• _TASK DIRECTIONS_: All lines from the one containing "それから、 料理の学校に通い、 もんじゃ屋さんに弟子として働かせてもらい、" through the end of the material are to be given back exactly, without pictures.

• _RECORD EXTRACTS_:
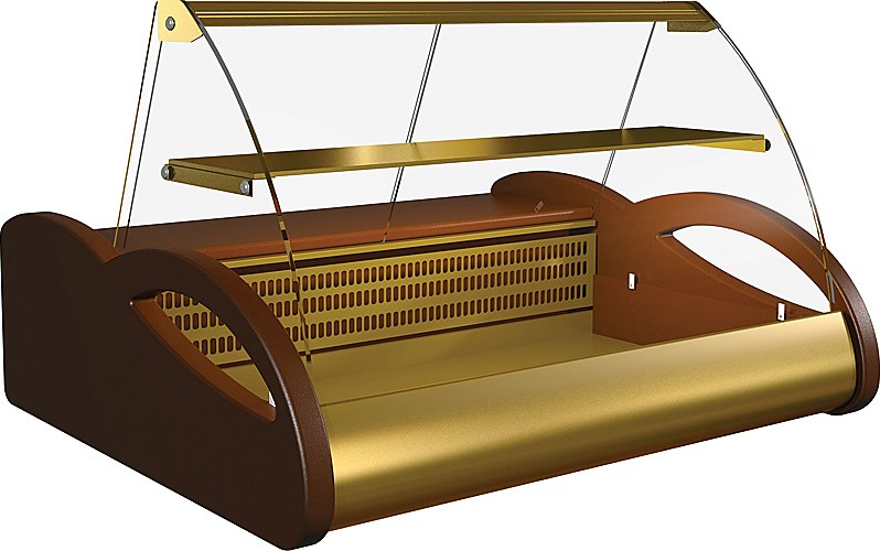 Модель выполнена в современном дизайне с гнутым передним стеклом, которое обеспечивает хороший обзор продукции. Корпус изготовлен из стали с теплоизоляцией из ППУ, боковины — из прочного коричневого пластика. Раздвижные задние створки из оргстекла обеспечивают удобный доступ к товарам. Витрина дополнительно оборудована неохлаждаемой верхней полкой для выкладки сопутствующей продукции.
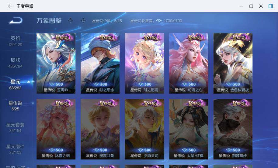 盾山御銮,夏侯惇朔风刀,明世隐疑决卦,老夫子醍醐杖,鬼谷子原初探秘者,狄仁杰万华元夜,程咬金演武夺筹,钟馗驱傩正仪,苏烈千军破阵,吕布猎兽之王,女娲朔望之晖,钟馗神迹守卫,鲁班七号狮舞东方,沈梦溪星空之诺,李元芳银河之约,刘邦夺宝奇兵,马可波罗暗影游猎,蒙犽狂想玩偶喵,元歌云间偶戏,弈星混沌棋,达摩沙漠行僧,兰陵王金庭之子,沈梦溪大漠名商,李元芳云中旅人,桑启海盐诗旅,裴擒虎擒涛扼浪,鲁班大师探海日志,张良古海寻踪,项羽苍威无极,镜青焰无极
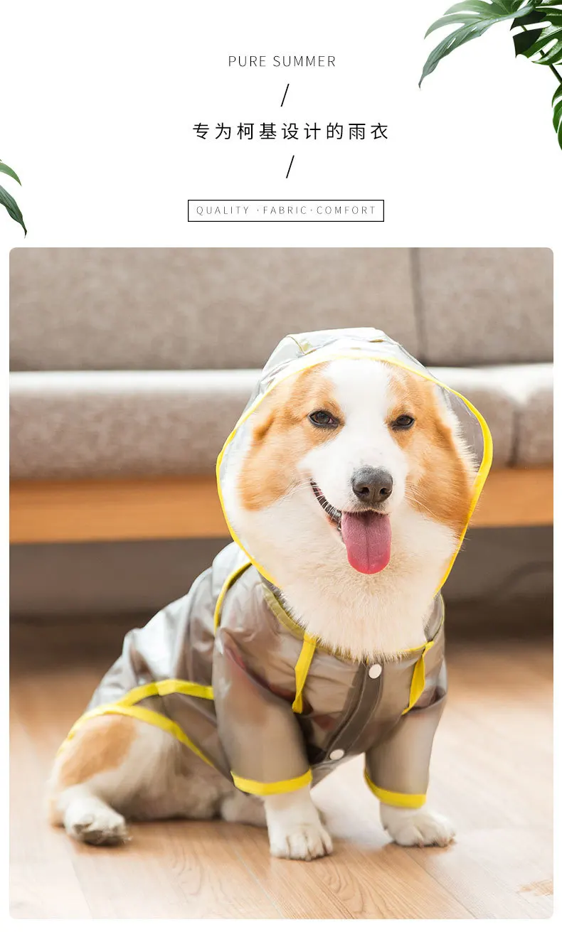 Водонепроницаемый дождевик для собак, дождевик с капюшоном для щенков корги, всесезонный летний дождевик для собак
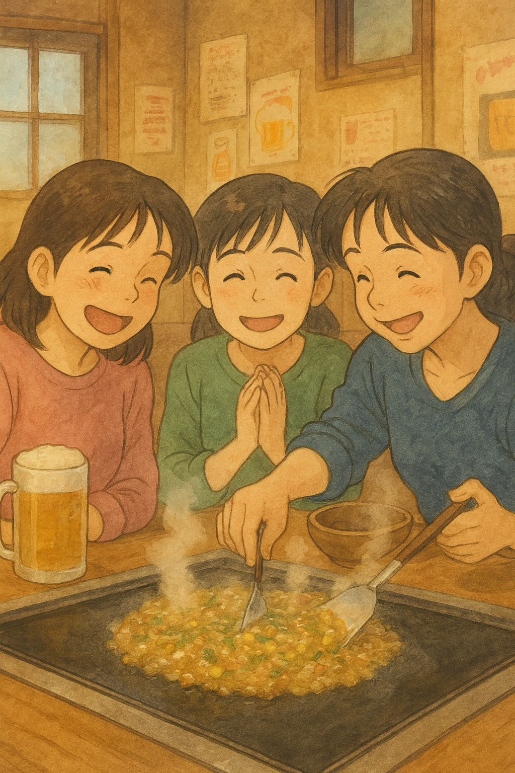 それから、 料理の学校に通い、 もんじゃ屋さんに弟子として働かせてもらい、 お店をオープンさせました。
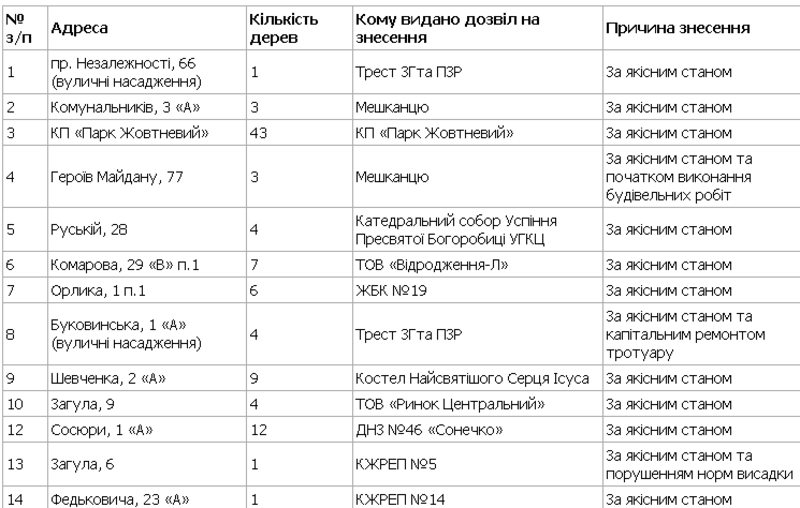 Адреси, за якими надані дозволи на знесення дерев протягом січня 2020 року.

• _SOLUTION FOR THIS EXERCISE_:
 それから、 料理の学校に通い、 もんじゃ屋さんに弟子として働かせてもらい、 お店をオープンさせました。
 Адреси, за якими надані дозволи на знесення дерев протягом січня 2020 року.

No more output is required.